• Task statement: For each record that follows, give it back exactly, with no pictures included.

*** Source data

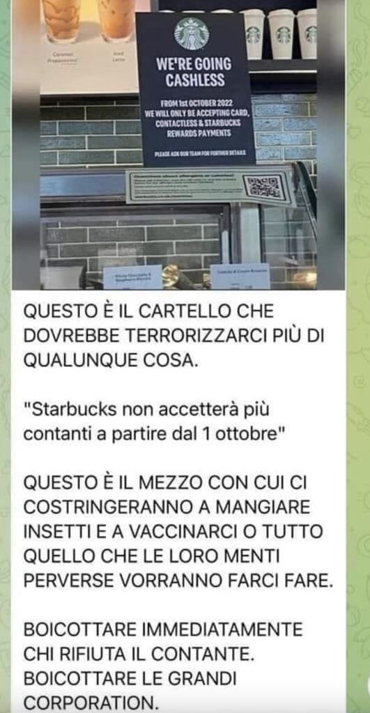 Il cartello immortalato, in effetti, sembra confermare proprio questa narrazione: «Dal 1° ottobre 2022 accetteremo esclusivamente pagamenti con carta, contactless o rewards (la campagna di “premi” per i clienti fidelizzati, ndr)». E allora, perché parliamo di bufale e disinformazione?
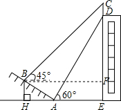 (2)在Rt△ABH中,AH=AB.cos∠BAH=10.cos30°=5$\sqrt{3}$,在Rt△ADE中,tan∠DAE=$\frac{DE}{AE}$,即tan60°=$\frac{DE}{15}$,得到DE=15$\sqrt{3}$,如图,过点B作BF⊥CE,垂足为F,求出BF=AH+AE=5$\sqrt{3}$+15,于是得到DF=DE-EF=DE-BH=15$\sqrt{3}$-5,在Rt△BCF中,∠C=90°-∠CBF=90°-45°=45°,求得∠C=∠CBF=45°,得出CF=BF=5$\sqrt{3}$+15,即可求得结果.
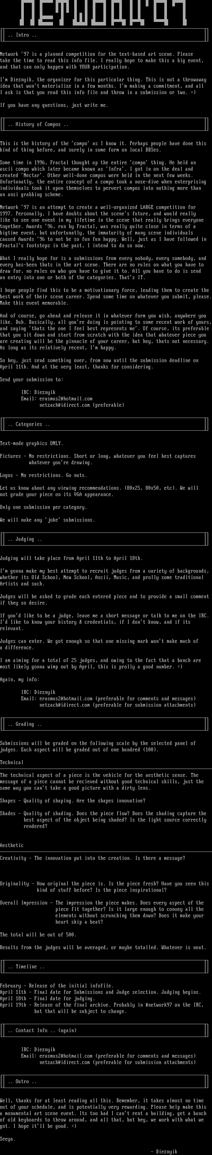 April 19th - Release of the final archive. Probably in network97 on the IRC,
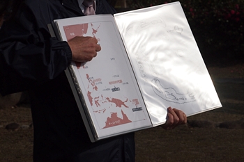 慰霊碑の前では、太平洋戦争当時の「メレヨン島」の悲惨な状況のお話しがありました。
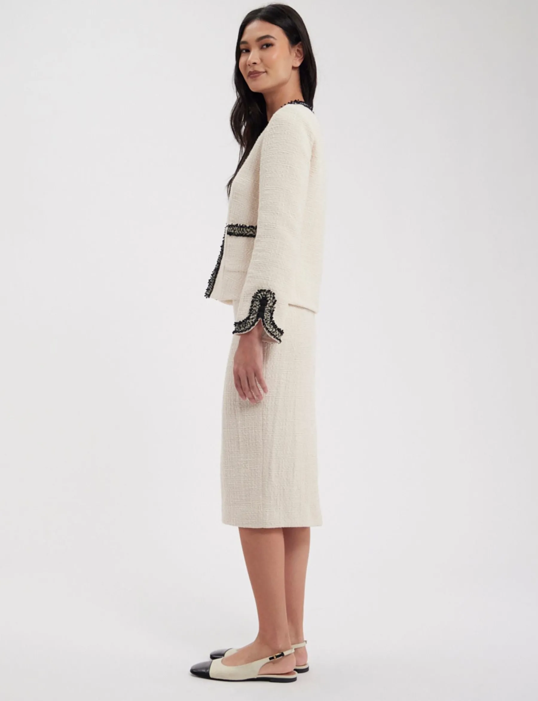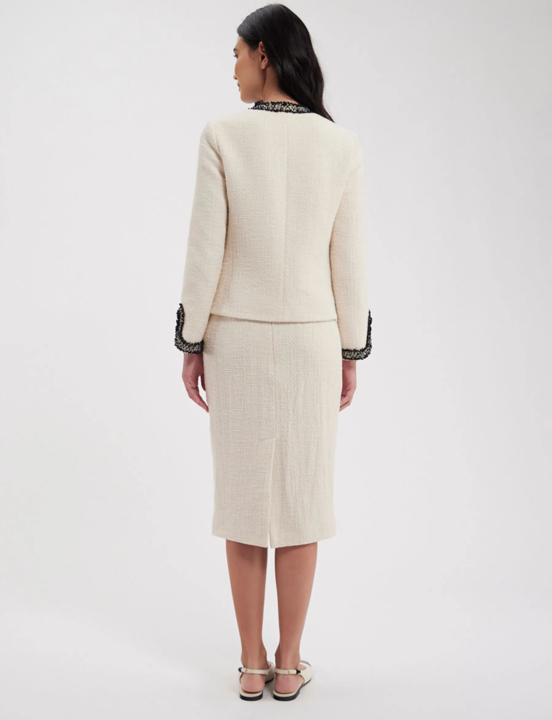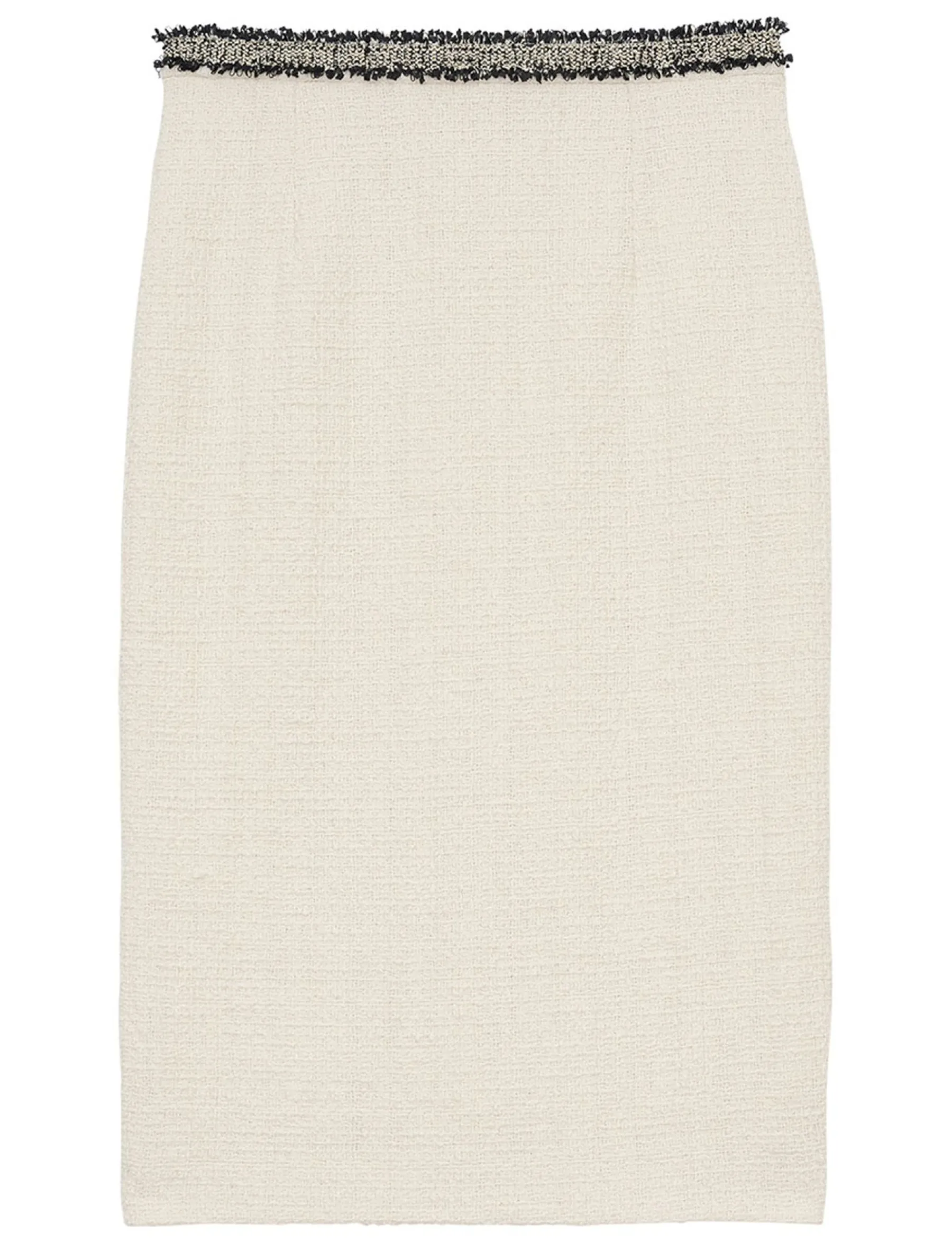 Gabriela is a superb pencil skirt in the chic Ines de la Fressange Paris style, creating a flowing, refined silhouette in a beautiful ecru cotton fabric for comfort and timeless elegance.

******

• Response to this exercise:
 Il cartello immortalato, in effetti, sembra confermare proprio questa narrazione: «Dal 1° ottobre 2022 accetteremo esclusivamente pagamenti con carta, contactless o rewards (la campagna di “premi” per i clienti fidelizzati, ndr)». E allora, perché parliamo di bufale e disinformazione?
 (2)在Rt△ABH中,AH=AB.cos∠BAH=10.cos30°=5$\sqrt{3}$,在Rt△ADE中,tan∠DAE=$\frac{DE}{AE}$,即tan60°=$\frac{DE}{15}$,得到DE=15$\sqrt{3}$,如图,过点B作BF⊥CE,垂足为F,求出BF=AH+AE=5$\sqrt{3}$+15,于是得到DF=DE-EF=DE-BH=15$\sqrt{3}$-5,在Rt△BCF中,∠C=90°-∠CBF=90°-45°=45°,求得∠C=∠CBF=45°,得出CF=BF=5$\sqrt{3}$+15,即可求得结果.
 April 19th - Release of the final archive. Probably in network97 on the IRC,
 慰霊碑の前では、太平洋戦争当時の「メレヨン島」の悲惨な状況のお話しがありました。
 Gabriela is a superb pencil skirt in the chic Ines de la Fressange Paris style, creating a flowing, refined silhouette in a beautiful ecru cotton fabric for comfort and timeless elegance.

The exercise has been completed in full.